Thanks for all the comments.

I am the wife in this situation.

To clarify.

My H is resentful of NRP as he believes he doesn't financially support his child enough. CM has ranged from £100 - £300 pcm. I currently receive £200 pcm.

I don't pay for the petrol out of CM. It does come out of the family pot. During discussions about NRP and CM this has been suggested, or that he wouldn't allow me to use the car to take child and NRP would have to collect and drop back child.

Re Christmas presents. This was suggested this last Christmas and possibly the Birthday before. I didn't agree so this has never been done.

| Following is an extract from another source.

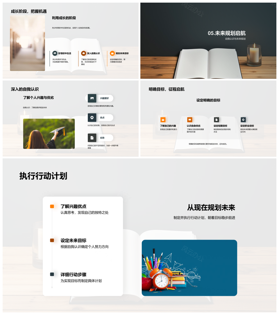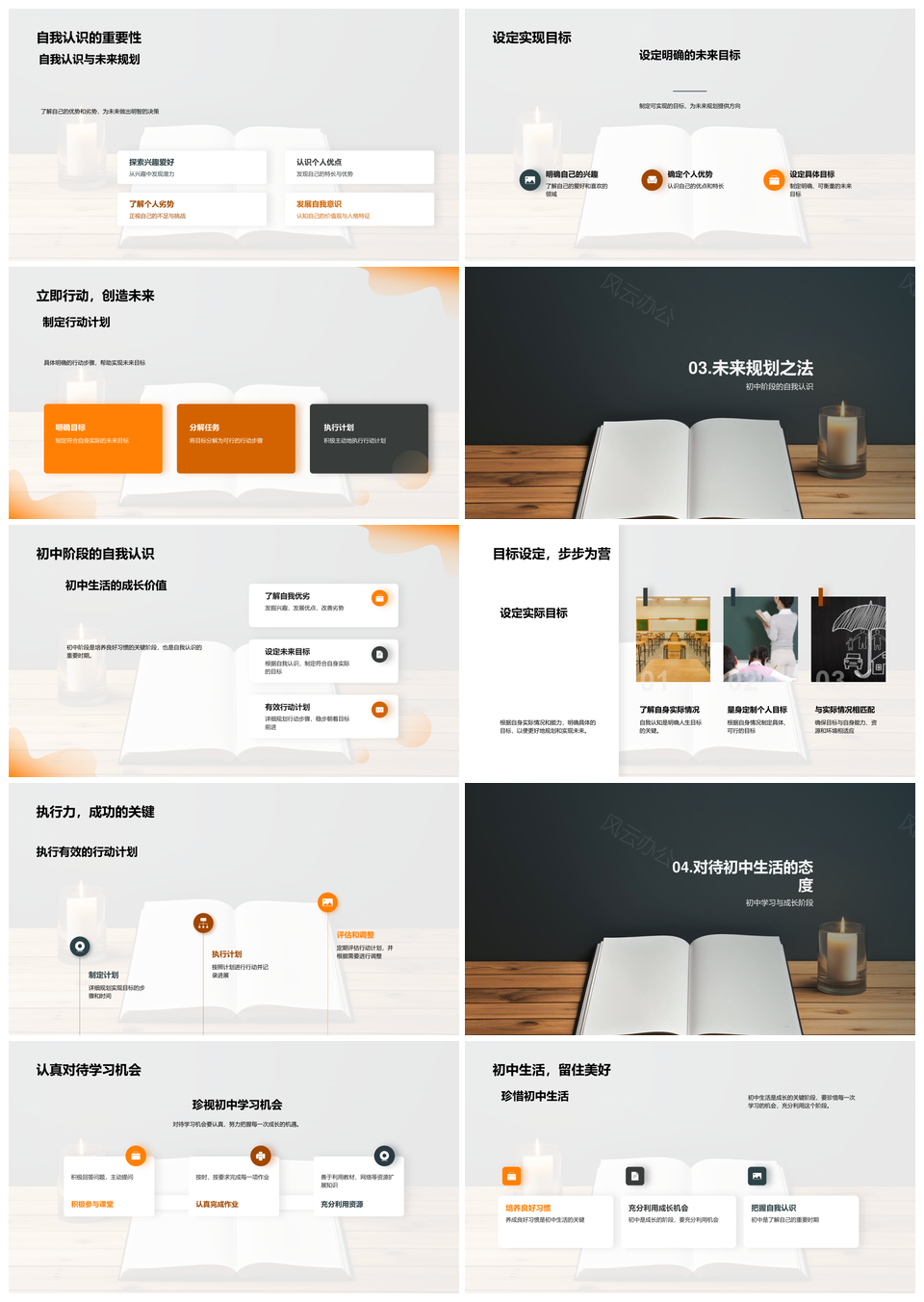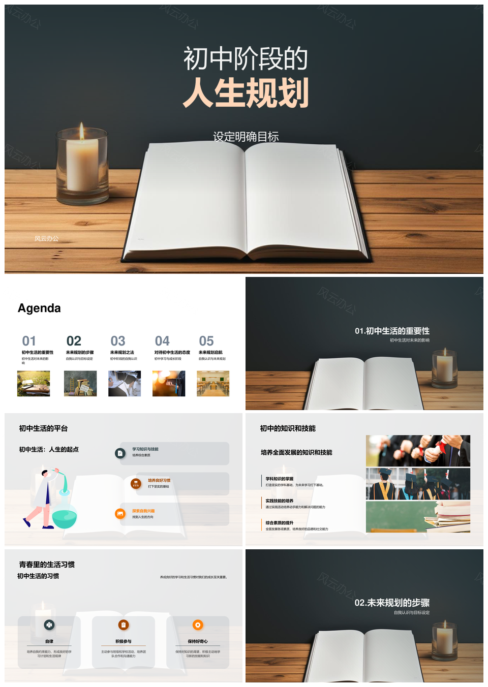 风云办公提供的初中生目标规划未来行动知识习惯养成PPT模板,下载格式为pptx,一共23页,作品中文字及图均可以修改和编辑,图片更改请在作品中右键图片并更换,文字修改请直接点击文字进行修改。

I am going to show him this thread as I said I would ask on here when the present thing was suggested. We both think each other is wrong but no one to sound it off.

OP posts:
Balanced12 · 03/02/2022 06:50

No and No.

High rate tax not entitled to child benefit, sounds spiteful and picky to even be fussed about these points. What actually is bothering you, after so many years why are you treating the eldest differently, think of them as your own surely

Sarcobaleno · 03/02/2022 06:51

If you're higher rate tax payers you should be able to look after all 3 children without the need for this level of detail. It's not about logic. You have 3 children. End of discussion. If you are struggling to budget for 3 kids you shouldn't have had more. This was a sad read, especially the Christmas question.